Oando Harps on Accelerating Energy Transition in Nigeria, Africa

*Advises national oil companies to prioritise attracting investments into the petroleum sector

Peter Uzoho

Oando Energy Resources has stressed the need for Nigeria and other African countries to redouble their efforts towards achieving the continent’s energy transition task in order to avoid being left behind by the rest of the world.


The Nigerian independent energy major also advised national oil companies (NOCs) in Africa, such as the Nigerian National Petroleum Company Limited (NNPC), to focus their attentions more on attracting investments into the oil and gas industry so that they could be able to extract the huge hydrocarbon resources the continent is blessed with.


The duo of Oando Energy Resources’ Chief Operating Officer and the Senior Economist, Dr. Ainojie Alex Irune and Ms. Ololade Olubi, respectively, stated these at their separate panel sessions at the just concluded sixth Nigerian International Energy Summit (NIES), held at the International Conference Center (ICC), Abuja.


Speaking during the CEO Roundtable, with the topic: “Building Energy for Tomorrow”, Irune urged African countries to  “act fast and act now.”
Africa’s energy transition has been projected to cost an estimated $100 billion annually between 2020 and 2040, presenting a huge task for the governments and industry players across the continent to achieve.


Sharing his thoughts on creating a sustainable energy future, Irune said, “For the first time in the history of the world, we are going to see energy growth and demand outstrip average economic growth across the world, in a time where the energy mix is still being contended; contended because the primarily developed world has a view of what this mix should be, and Africa has a different perspective.
“Against the backdrop of our youth population, poverty index and intra-African collaboration, we need to get impatient about delivering value and development to our people. The molecule of oil in our ground must be excavated with urgency; I’m talking about oil; we must create the balance sheet that will fund the transition.”
Noting that the Petroleum Industry PIA (PIA) had come to make that journey a little less tortuous and that whilst the PIA was not perfect, it was a starting point, he added that it was also understood that the PIA could quickly become obsolete because of the pace of change.
Also touching on gas as a transition fuel, Irune said the stakeholders had recognised gas as a transition fuel.

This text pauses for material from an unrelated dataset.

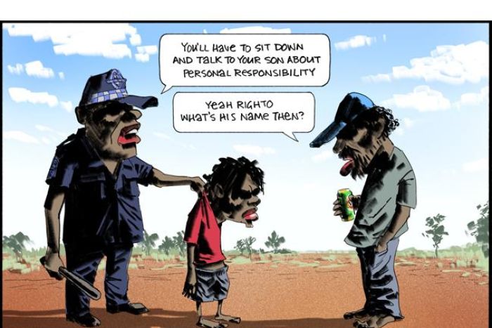 Readers are upset over a cartoon in daily newspaper The Australian about indigenous people. The cartoon by Bill Leak pictures a policeman telling a man to “talk to your son about personal responsibility” and the man, holding a can, saying “yeah righto what’s his name then?”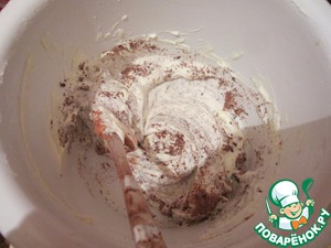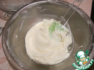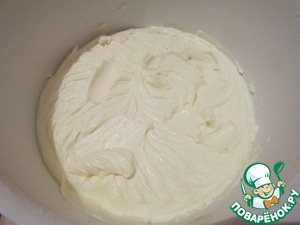 Маскарпоне разминаем лопаткой с половиной сахарной пудры до однородного (не полужидкого!) состояния. По сладости ориентируйтесь на свой вкус! У кого нет возможности купить маскарпоне, возьмите кастрюльку, положите на нее сито, выстланное марлей в 4 слоя, а на него жирную сметану 600 гр (самую вкусную), накройте марлей, положите блюдце, а на него 3-х литровую банку с водой! Оставьте на ночь! Сыворотка стечет, и у вас получится 500 гр сливочного сыра!

With Nigeria being the leader in the discourse because of its status as a gas province with a little bit of oil, and by investing in developing gas, Irune said that would be, “the lever for developing our industry, kickstarting our economy and taking us into the age where we can genuinely compete with the rest of the world.”
In another panel session, Olubi stressed the need for national oil companies (NOCs) in Africa, such as the Nigerian National Petroleum Company Limited (NNPC) to focus their attentions more on attracting investments into the oil and gas industry so that they could be able to extract the huge hydrocarbon resources the continent is blessed with.
She said the NOCs should also focus on strengthening their operational business models, adding that NOCs have to play a huge role in ensuring that business models were optimal.
“And when I mean optimal, it’s really speaking to cost optimisation and ensuring returns for shareholders across the value chain, and ensuring that you’re doing this in a sustainable manner.


“So when we speak to attracting investments -how do they go about funding these projects and how do they go about attracting investments, would it be in form of equity or in form of debt? Or in form of partnerships? I do think we have to have the right mix. Attracting capital is not going to be as easy as before as companies transition to cleaner fuels,” she said.
Olubi pointed out that the oil industry was going to rely a lot on the African focus development banks and companies that were still into investing in the traditional fossil fuel space.

She said another big thing to look at was collaboration, saying it was going to be important to work with other joint venture (JV) partners.

 “It’s something we have done for a long time and we have efficiently and mostly successfully capitalized on this particular platform of just working with other partners across the industry to make sure we harness that value that we have.  

“We have the capabilities, we do have the talents, and I do believe we have the creative and innovative solutions to unlock value. What’s really important is that we rely on each other and that collaboration and that partnership is what is going to propel us to the next stage in this industry and in this sector,” she stated.

However, in terms of attracting funding, the Oando senior economist said NNPC was going to play a large role because of its position as the largest oil company in the country.

According to Olubi, NNPC is going to, “set the tone as to how much investment we’re able to track; how we’re able to secure the financing or ensure returns because at the end of the day, if you are going after debt, investors are concerned with your business model in ensuring that they’re able to get the returns that you have promised.

“So the NNPC is going to lead these efforts and this initiative, and as partners and as other JVs and other players in the sector, we piggyback upon that. It’s important that they set the right track record and we’re able to rely on those efforts to raise as much financing as we can in a very tight and very limited sector.”